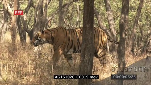 Bengal tiger patrolling territory, hunting dry woodland. AmCam
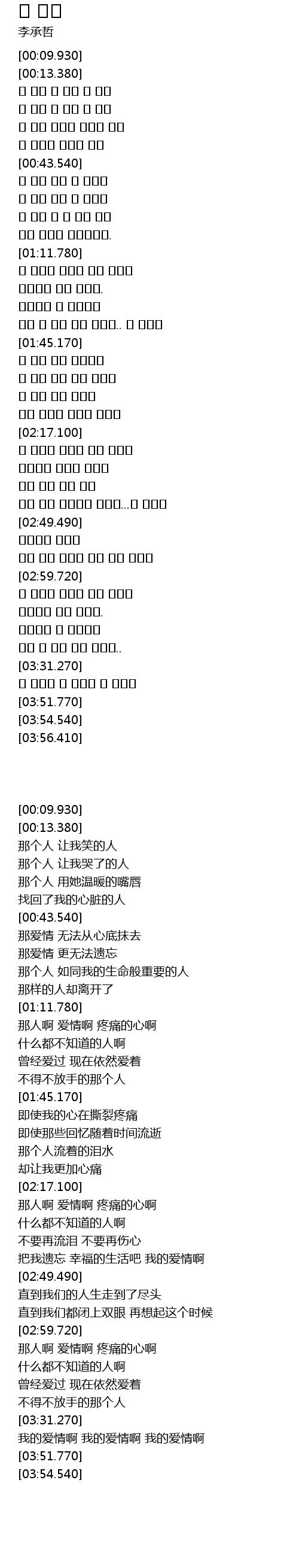 | [03:00.160] | 그 사람아 사랑아 아픈 가슴아 |
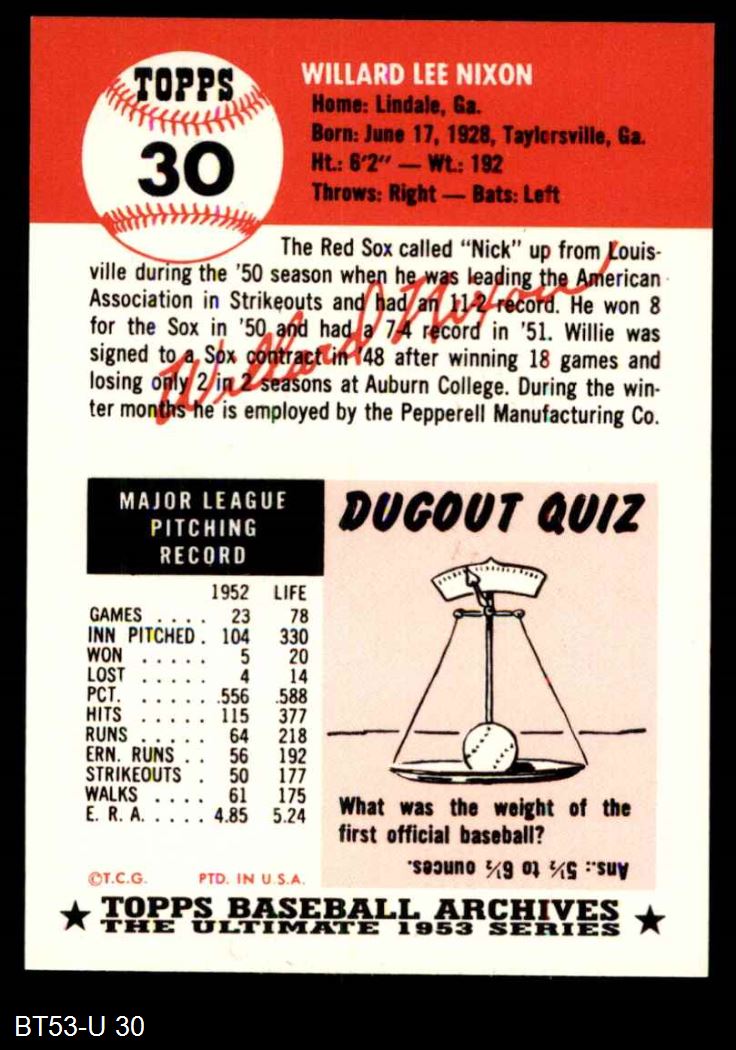 1953 Topps Archives #30 Willard Nixon 8 - NM/MT

> _YOUR OBJECTIVE_
With the pictures left out, return all the material above exactly.

> _SOLUTION FOR THIS EXERCISE_
 Bengal tiger patrolling territory, hunting dry woodland. AmCam
 | [03:00.160] | 그 사람아 사랑아 아픈 가슴아 |
 1953 Topps Archives #30 Willard Nixon 8 - NM/MT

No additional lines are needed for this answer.